Your initial intuition inspired another solution: Suppose you extend both the yellow and orange semi-circles to be complete circles. Now imagine the yellow circle orbiting clockwise around the orange circle, keeping tangent. During that orbit the distance between their centers obviously remains constant, namely 2.5 units (sum of the radii). The sum of their diameters is just double that, namely 5 units. When the yellow circle's center is on the bottom line of the large semicircle, it's still 5 units, so 5 must be the diameter of the large semicircle.
Interesting thinking but this is not a full solution. After the yellow circle is rotated around the smaller one so its center lies on the bottom line, how do you know its right edge lines up perfectly with the corner of the larger semicircle?

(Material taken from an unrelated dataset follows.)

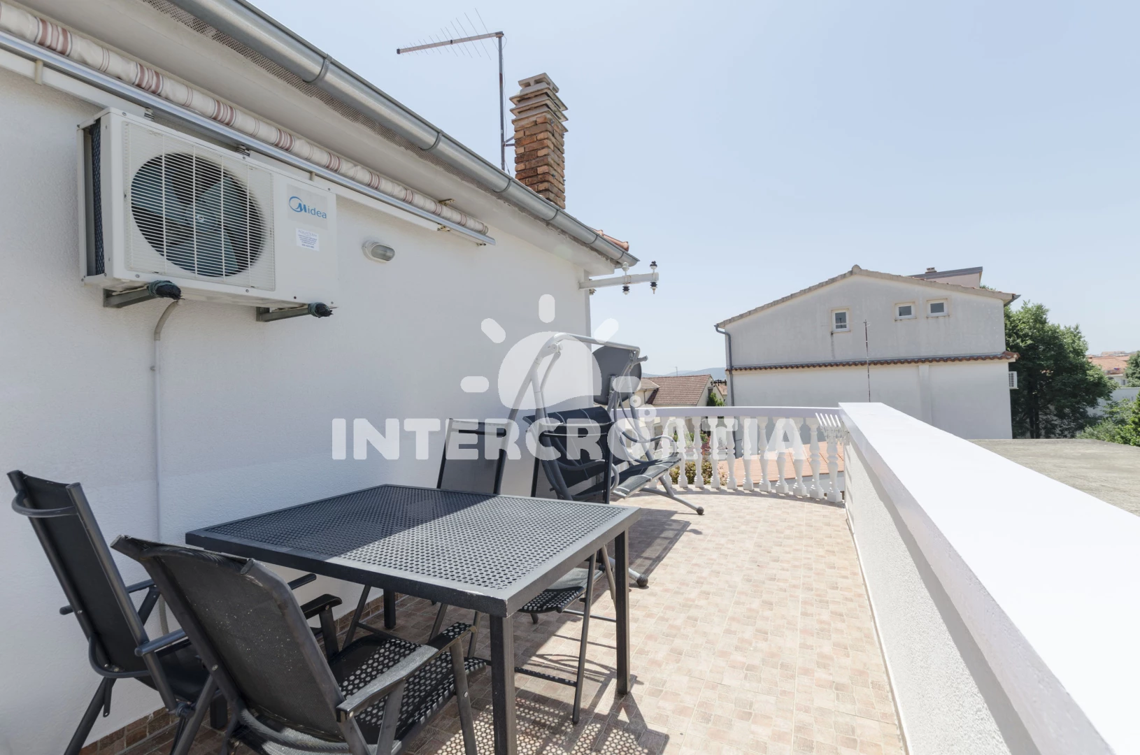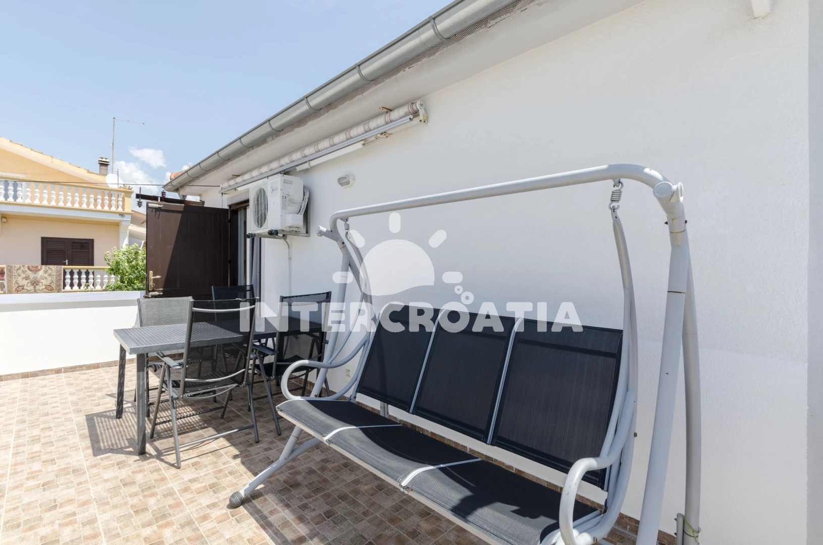 Apartmán (2) s terasou. Nachází se v objektu. Apartmán má 1 ložnici a je vhodný pro až 4 osoby. Kuchyňská linka je vybavena varnou deskou, kávovarem, toustovačem, troubou, myčkou na nádobí, mikrovlnnou troubou, rychlovarnou konvicí, nádobím, lednicí, mrazákem. K dispozici televize, radio, žehlička. Dále samostatné WC.

1:37 i was kinda interested, now im intrigued
0:25 so the answer was 5, if we dragged the red down it would of shown us that we were correct
Before watching: It is exaclty 5. And for verifying it u don't need any calculation --- the line from the centre of the medium circle (which sits on the diameter of the outer circle) to the intersection with the outer cirlce is parallel to its diameter --- thats only the case when u can also "slide" down the medium circle along the small circle so that all circle tough each other, i.e. the rest of the diameter _is_ the medium circle's diameter
Solved it after seeing the thumbnail. Feels good to see I wasn't wrong with my answer.
i love this channel
This is excellent work
I also found 5 but without doing anything. Except calculating 3+2 🤣
1.) I choose the center of the yellow semicircle as the origin C1=(0,0)
2.) The 1st point of the largest semicircle is at P1=(3/2, 0)
3.) Also the center of the largest semicircle is at C0=(a, -3/2), where "a" unknown
4.) The center of the red semicircle is at C2=(b, -3/2), where "b" is unknown
5.) The distance from C1 to C2 is 5/2
6.) b^2 + (-3/2)^2 = (5/2)^2 --> b^2 = 4 --> b = ±2
7.) Therefore C2=(-2, -3/2)
8.) The 2nd point of the largest semicircle is at P2=(-3, -3/2)
9.) The distance from C0 to P1 and the distance from C0 to P2 are equal
10.) (a + 3)^2 = (a - 3/2)^2 + (-3/2)^2 --> a^2 + 6a + 9 = a^2 - 3a + 9/2 --> 9a = -9/2 --> a = -1/2
11.) The center of the largest semicircle is at C0=(-1/2, -3/2)
12.) The radius of the largest semicircle is "a+3" which equals to 5/2
13.) The diameter of the largest semicircle is 5
Cool. Now do the proof that if two kegs of a triangle inscribed in a circle are on the diameter then it’s a right triangle?
Dude, that was obviously a 5-4-3 triangle at the beginning.
Awesome, very easy to understand explanations :)
Nice! Really like your content and not hearing cancel. Keep them coming!